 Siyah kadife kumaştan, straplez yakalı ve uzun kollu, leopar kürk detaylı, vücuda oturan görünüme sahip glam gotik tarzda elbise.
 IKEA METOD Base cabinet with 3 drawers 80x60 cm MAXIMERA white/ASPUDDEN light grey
--
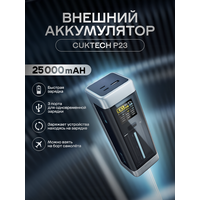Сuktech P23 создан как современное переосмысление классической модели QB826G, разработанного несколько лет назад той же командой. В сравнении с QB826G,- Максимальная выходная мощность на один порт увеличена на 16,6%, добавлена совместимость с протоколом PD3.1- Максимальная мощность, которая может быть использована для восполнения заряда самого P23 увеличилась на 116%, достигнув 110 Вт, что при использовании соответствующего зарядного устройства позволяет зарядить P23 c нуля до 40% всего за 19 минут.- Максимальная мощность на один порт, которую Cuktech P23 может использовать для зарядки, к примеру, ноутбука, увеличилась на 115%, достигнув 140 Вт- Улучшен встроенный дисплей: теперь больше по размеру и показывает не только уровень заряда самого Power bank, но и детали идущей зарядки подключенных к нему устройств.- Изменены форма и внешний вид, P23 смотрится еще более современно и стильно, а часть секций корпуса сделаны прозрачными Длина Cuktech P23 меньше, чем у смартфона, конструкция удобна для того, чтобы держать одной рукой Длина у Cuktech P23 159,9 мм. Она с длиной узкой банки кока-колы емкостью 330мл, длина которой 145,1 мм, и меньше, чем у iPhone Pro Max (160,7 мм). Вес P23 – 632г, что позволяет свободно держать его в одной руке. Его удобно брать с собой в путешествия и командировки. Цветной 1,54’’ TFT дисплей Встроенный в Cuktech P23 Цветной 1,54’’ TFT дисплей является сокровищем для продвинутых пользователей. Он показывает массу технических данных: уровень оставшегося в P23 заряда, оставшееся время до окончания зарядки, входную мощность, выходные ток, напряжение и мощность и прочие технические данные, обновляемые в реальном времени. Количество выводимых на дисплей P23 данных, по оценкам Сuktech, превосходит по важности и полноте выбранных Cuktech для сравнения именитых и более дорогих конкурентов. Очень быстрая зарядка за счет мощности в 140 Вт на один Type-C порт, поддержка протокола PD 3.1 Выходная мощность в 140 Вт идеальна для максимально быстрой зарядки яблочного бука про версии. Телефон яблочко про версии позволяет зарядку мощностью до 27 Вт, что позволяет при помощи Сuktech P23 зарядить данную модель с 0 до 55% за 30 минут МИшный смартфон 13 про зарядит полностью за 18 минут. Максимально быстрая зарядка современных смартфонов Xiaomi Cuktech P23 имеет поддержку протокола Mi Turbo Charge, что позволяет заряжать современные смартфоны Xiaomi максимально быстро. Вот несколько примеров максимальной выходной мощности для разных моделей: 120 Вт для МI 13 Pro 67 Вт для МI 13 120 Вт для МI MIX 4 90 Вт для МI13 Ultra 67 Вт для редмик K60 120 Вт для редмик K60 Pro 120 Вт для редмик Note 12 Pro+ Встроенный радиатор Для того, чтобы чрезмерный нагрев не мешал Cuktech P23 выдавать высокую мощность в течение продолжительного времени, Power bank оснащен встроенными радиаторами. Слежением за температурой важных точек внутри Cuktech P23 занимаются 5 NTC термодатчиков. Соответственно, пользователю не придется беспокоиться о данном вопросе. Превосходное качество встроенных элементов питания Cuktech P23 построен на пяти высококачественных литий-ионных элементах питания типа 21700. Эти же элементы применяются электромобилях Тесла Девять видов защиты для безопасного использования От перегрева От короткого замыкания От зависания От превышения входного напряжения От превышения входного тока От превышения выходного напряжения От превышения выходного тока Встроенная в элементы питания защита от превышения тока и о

• [WORK ITEM]:
Output should match, line for line, the stretch of the material above from the line holding "Siyah kadife kumaştan, straplez" through the line holding "IKEA METOD Base".

• [YOUR RESPONSE]:
 Siyah kadife kumaştan, straplez yakalı ve uzun kollu, leopar kürk detaylı, vücuda oturan görünüme sahip glam gotik tarzda elbise.
 IKEA METOD Base cabinet with 3 drawers 80x60 cm MAXIMERA white/ASPUDDEN light grey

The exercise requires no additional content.